In normal circumstances, lossless compression reduces file sizes in the range of a factor of 2, sometimes a little more and sometimes a little less. Often it is acceptable and even necessary to tolerate some loss or distortion between the original and its reproduction. In such cases, much greater compression becomes possible. For example, the highest quality JPEG-compressed images and MP3 audio are compressed about 6 or 7 to 1. The objective is to minimize the distortion, as measured by some criterion, for a given rate in bits per sample or equivalently, minimize the rate for a given level of distortion.
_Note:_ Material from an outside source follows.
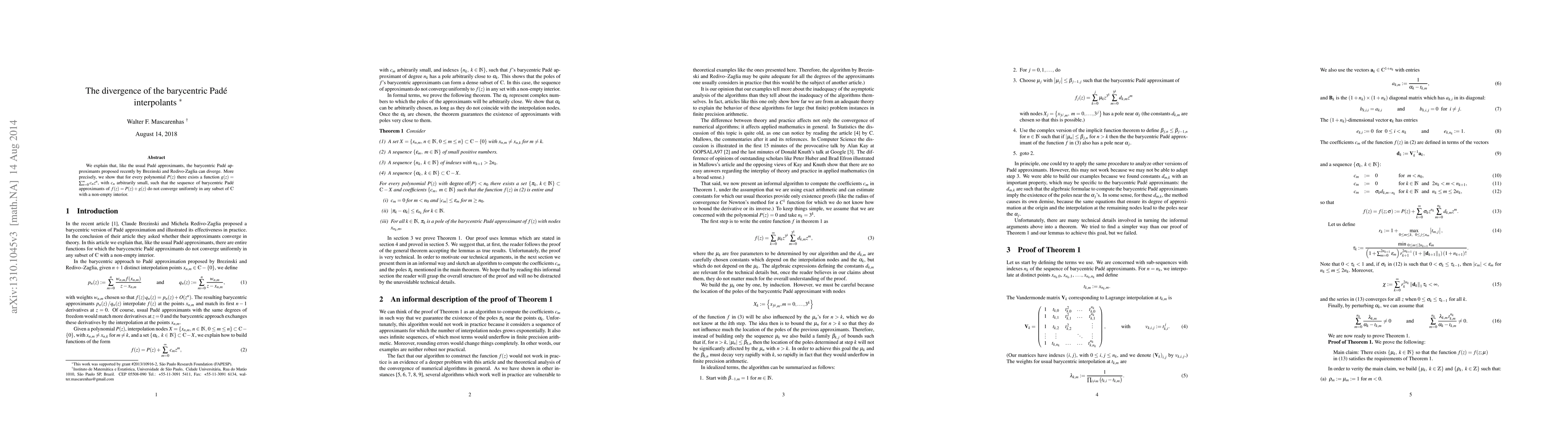This paper demonstrates that barycentric Padé approximants, similar to traditional Padé approximants, can diverge. It proves that for any polynomial P, there exists a power series S with tiny coefficients such that the sequence of barycentric Padé approximants of P + S fails to converge uniformly in any subset of the complex plane with a non-empty interior.

In this chapter, we make a modest start toward the understanding of how to compress realistic sources by presenting the theory and practice of quantization and coding of sources of independent and identically distributed random variables. Later in the chapter, we shall explain some aspects of optimal lossy compression, so that we can assess how well our methods perform compared to what is theoretically possible.
Quantization
The sources of data that we recognize as digital are discrete in value or amplitude and these values are represented by a finite number of bits. The set of these discrete values is a reduction from a much larger set of possible values, because of the limitations of our computers and systems in precision, storage, and transmission speed. We therefore accept the general model of our data source as continuous in value. The discretization process is called quantization.